YOUR TASK: Make an exact transcript of the lines in the data below, starting with the one containing "Ardından; * Vergi" and going on through the one containing "卢卡斯·吉尔曼也给其他极限皮", with both included and the pictures left out.

** RECORDS PROVIDED follows **

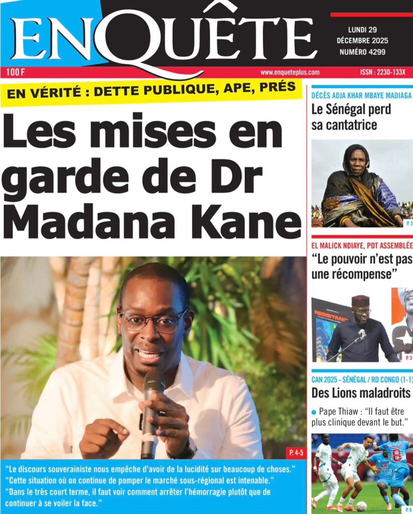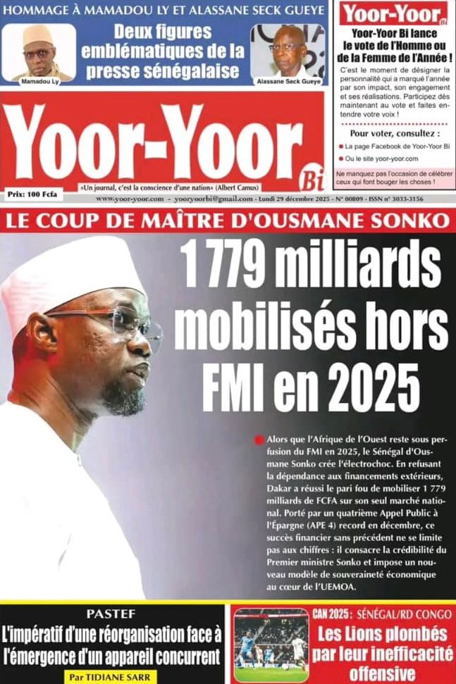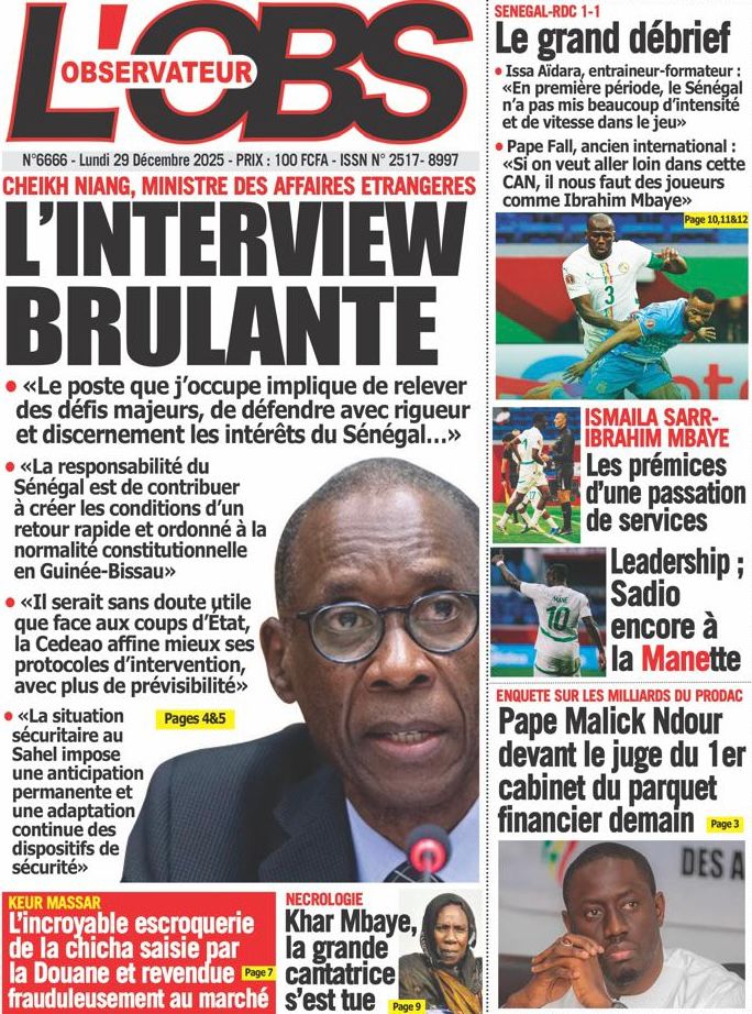 Revue de presse de ce 29 décembre 2025 avec Mamadou LY, ( ma revue de presse)
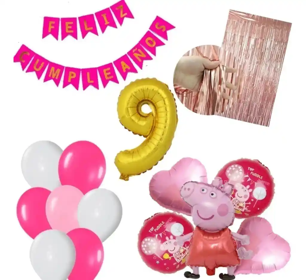 *********************GLOBOS Y PELUCHES MASMELO********************* Somos Mercado Líder Platinum Por tu compra te llevas: 1 Festón fucsia 2 metros 1 Cortina oro rosa 2x1 metros 3 Globo fucsia 30cm 4 Globo blanco 30cm 3 Globo rosado pastel 30cm 2 Globo corazón rosado 45x45cm 2 Globo circular temática Peppa Pig 45x45cm 1 Globo Peppa Pig 65x45cm 1 Globo número dorado 82 cm
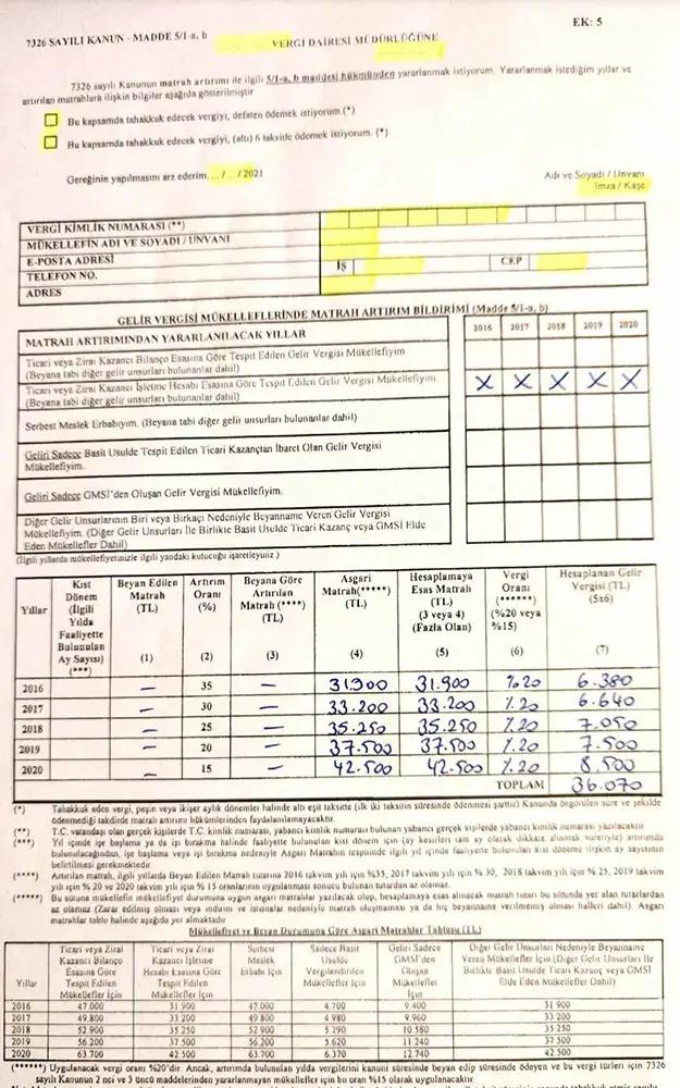 Ardından; * Vergi kimlik numarası; size verilen 996 ile başlayan 10 haneli koddur. Bunu formdaki kutucuklara tek tek girin. * Kişi ve iletişim bilgilerini eksiksiz bir şekilde doldurun. * Matrah artırım bildirimi kısmını ise yukarıdaki görseldeki gibi doldurun.
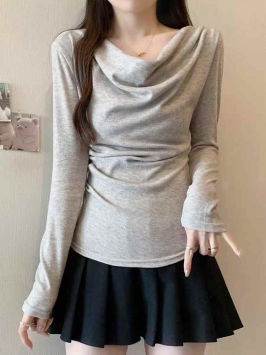 全清价5.8法式荡领辣妹长袖修身显瘦薄绒内搭打底衫上衣,独立包装,整款三...
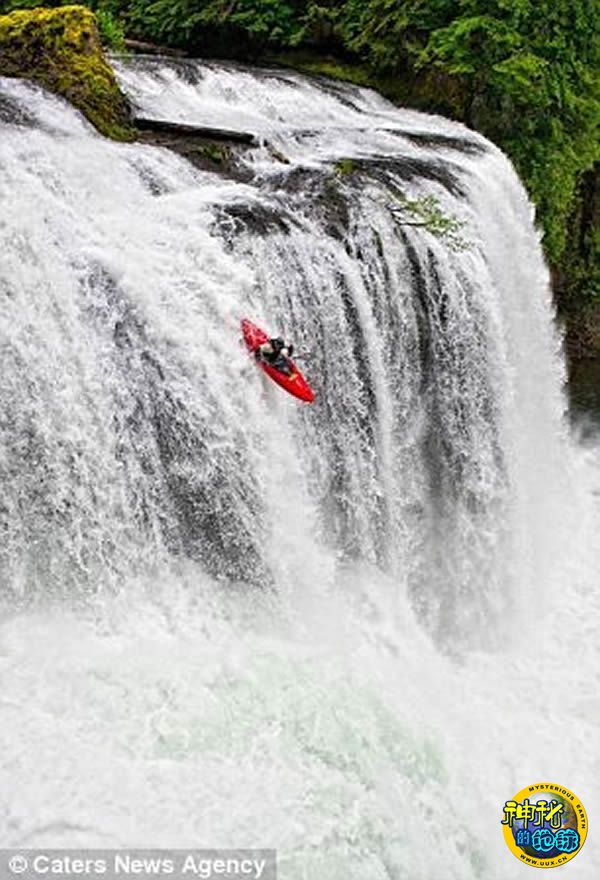 卢卡斯·吉尔曼也给其他极限皮划艇手拍照,例如派特·凯勒从华盛顿州刘易斯上瀑布俯冲而下
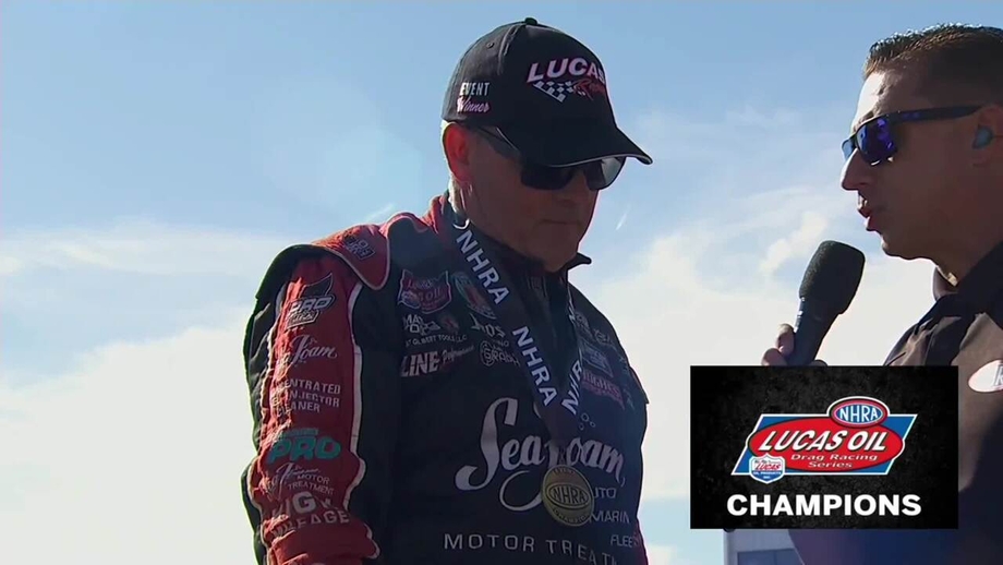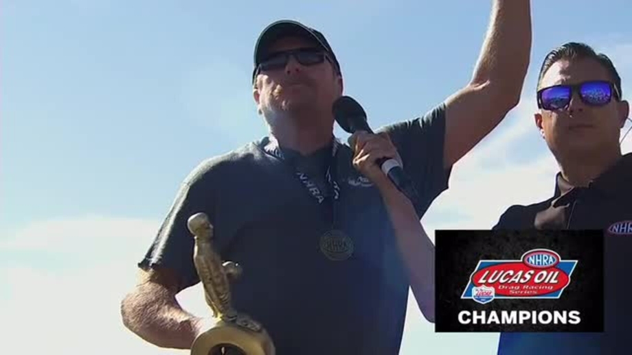 Go behind the scenes with the winners of the NHRA Four-Wide Nationals as they celebrate their victories with their teams and one another, and accept congratulations from their vanquished final-round foes.
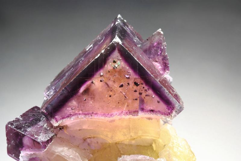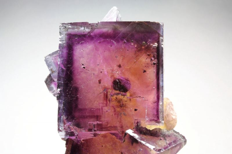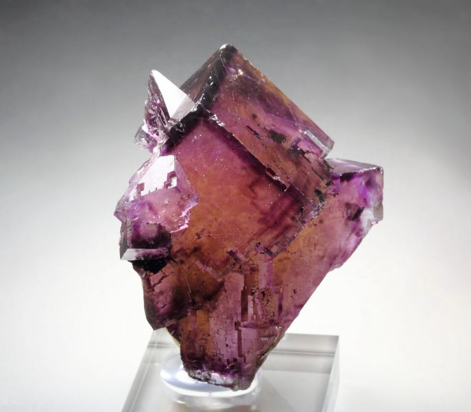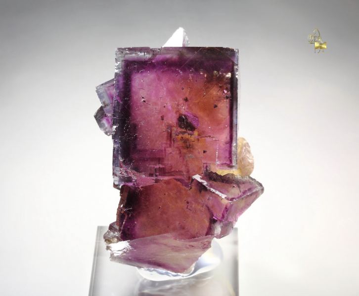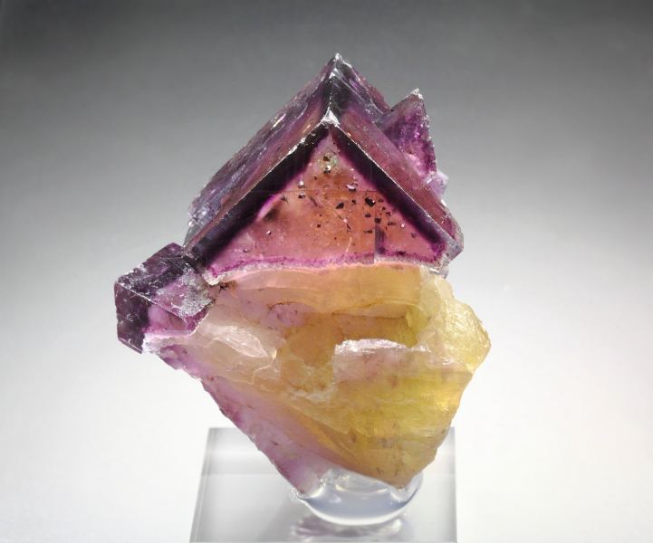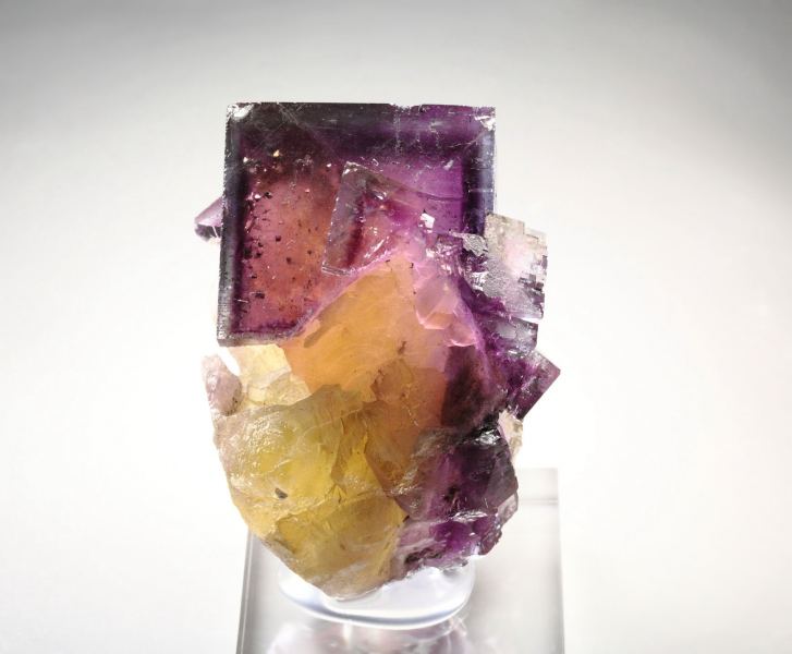 Exceptional Fluorite with colorful phantoms from this great and closed mine - Minerva No. 1 Mine, Cave-in-Rock, Illinois, United States. The crystals are glassy lustrous and light reflective. They have from rich yellow core to very saturated purple at the top. The cubes are razor sharp and highly transparent. The real beauty in this specimen is the intense purple phantoms which have very sharp and geometrical shape. The colors intensity is amazing. The Fluorite has inclusions of small yellow Chalcopyrite crystals. It displays attractively all over 360 degree. In very good condition – some small nicks. On acrylic base., Crazy colors!Data last checked on 25th Aug 2021 - specimen may no longer be available

** End of RECORDS PROVIDED **

OUTPUT OF THE EXERCISE:
 Ardından; * Vergi kimlik numarası; size verilen 996 ile başlayan 10 haneli koddur. Bunu formdaki kutucuklara tek tek girin. * Kişi ve iletişim bilgilerini eksiksiz bir şekilde doldurun. * Matrah artırım bildirimi kısmını ise yukarıdaki görseldeki gibi doldurun.
 全清价5.8法式荡领辣妹长袖修身显瘦薄绒内搭打底衫上衣,独立包装,整款三...
 卢卡斯·吉尔曼也给其他极限皮划艇手拍照,例如派特·凯勒从华盛顿州刘易斯上瀑布俯冲而下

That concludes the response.